Review of “The Brueghel Moon” by Tamaz Chiladze

Alyssa Clark

 

The Brueghel Moon by Tamaz Chiladze opens with the falling apart of a marriage as the story’s protagonist, Levan, is left by his wife.  The scene is the first of many that shows Levan’s hopeless nature as he responds with nothing more than disconnected confusion while his wife storms about their house yelling at him.  He shows emotion when his wife mentions that she’s taking their daughter with her, but even then, Levan doesn’t try to stop her and instead watches her leave and vanish from his life.

Starting out in first person, the novel alternates between first and third person for the rest of the story, using the switching points to denote when Levan is focusing on a particular side character.  This fractures the novel’s flow and makes it challenging to follow Levan.  Confusion aside, the novel weaves the many details of characters, its energy and momentum ebbing and flowing in its forward movement.  We slide away from Levan after he spends time wallowing in his sadness.  He turns to alcohol to make his days go by faster.  And then suddenly, an old patient of Levan’s (he is a psychiatrist) is back in his life and the story becomes Nunu’s.  Levan remembers Nunu and her story from when she was his patient from so long ago, which in turn makes her recounting of it seem drawn out and a frisson for Levan’s own despondency.  Nunu’s story is contradictory, even confusing, and remarkably accurate in portraying how mentally unstable she is.

Once Nunu’s story is finished, the novel returns to Levan and his reflections as he analyzes his past self through his own diary.  But before Levan can dive too deeply into himself, he runs into a woman at a party, Ana-Maria, and ends up getting a phone call a few days later from the embassy asking for his services as a psychiatrist for her.   What follows is a whirlwind romance that isn’t quite a romance as the feelings between the characters feel much like what Levan had with his wife.  There is some bubbling conflict with the pair since Ana-Maria is a married woman, but this is quickly dissolved as she states her husband doesn’t care and the only people they need to hide it from is the general public.

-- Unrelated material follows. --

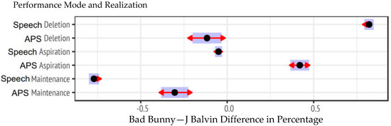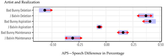 When we consider the artistic performance speech (APS) of each artist, we start to see a difference in trends. Table A1 (see Appendix A) considers the Realization of coda /s/ by Artist in the APS by song. Although, overall, Bad Bunny prefers aspiration to deletion, and J Balvin prefers 50/50 maintenance and deletion, when we look further, there are several examples where Bad Bunny has an almost even split between maintenance, aspiration, and deletion. In “Qué pretendes” with J Balvin, he has 37%/37% maintenance and deletion, and in “Si veo a tu mamá”, he also has very balanced percentages. These songs had enormous followership, so his pronunciation seems intentionally adjusted to allow for more syllable-final -s. Due to negative language attitudes, a more normative pronunciation may have been desired for the songs that would reach a larger audience, such as “Mía” with the Canadian artist, Drake, which has 29% maintenance. Two of the collaborative songs with J Balvin, “Un día”, and “No me conoce”, have deletion rates that are a bit higher than the rest, showing both indexicality and covert prestige. In these two songs, J Balvin also has slightly higher maintenance rates than in his overall APS, so in these songs, they stay the truest to their spontaneous speech realization rates.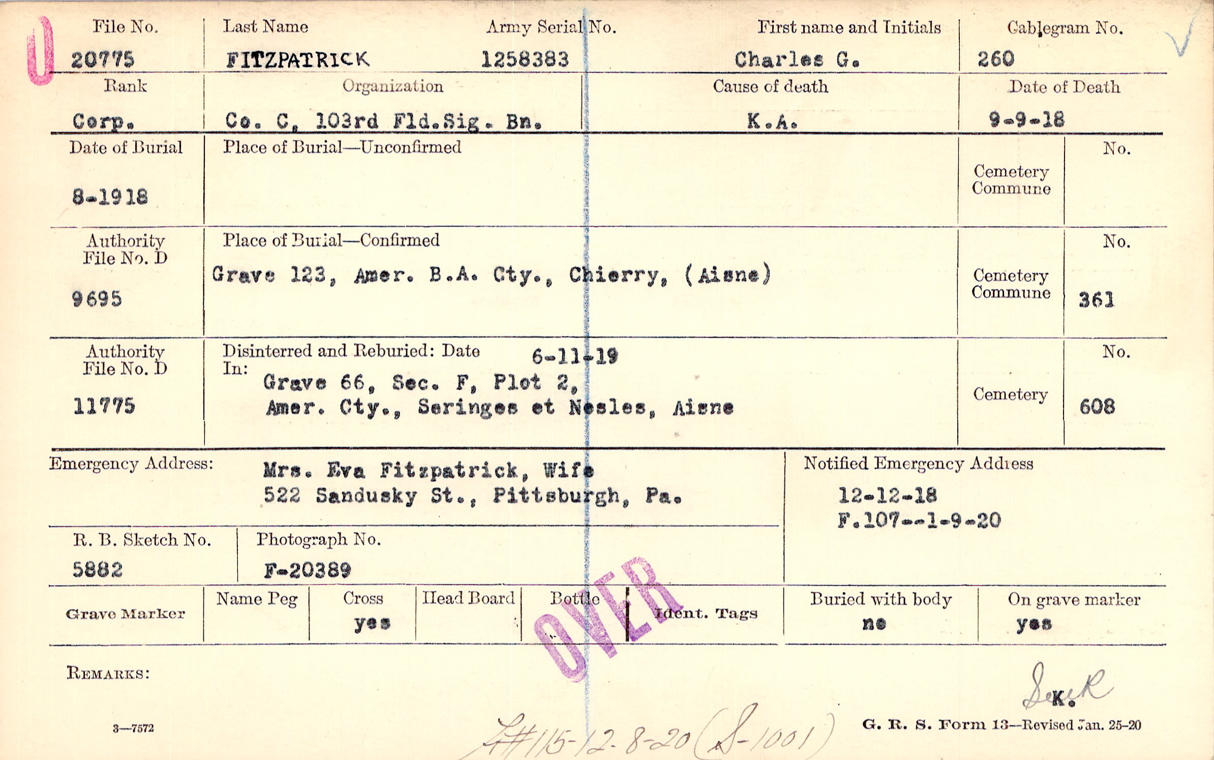 Grave 123, Amer. B/A Cty., Chierry, Aisne

As the novel concludes Nunu comes up to Levan and claims that Ana-Maria is the child she gave up long ago.  She gives Levan the dog-tags of Ana-Maria’s father, whom she says came from space, and then makes Levan give them to Ana-Maria without telling her where they came from.  Levan doesn’t question Nunu, and passes along the dog-tags, which subsequently end up driving Ana-Maria into the depths of insanity because she thinks the dog-tags are speaking to her in a language that she doesn’t understand.  Ana-Maria’s husband steps in to confiscates the dog-tags and tells her to never speak of them again.  By this point, Levan is starting to question his feelings for Ana-Maria and before he can go too in-depth, she’s leaving to find herself somewhere else.

Chiladze does a fine job of looking into the life of a psychiatrist who cannot disassociate himself from his profession.  He tackles the hard topics of introspection and delves into a mind that is hard-wired to tear itself apart.  At novel’s end, Levan finds himself falling closer and closer to madness as the boundaries of sanity begin to blur until finally he can’t tell the difference anymore.  Levan says, “I actually believed in what I said or shouted at her.  In this case, if anyone was deceived, it was me.”  We’re then suddenly left with an end abrupt and the lingering thought that not everything is as straightforward as it seems.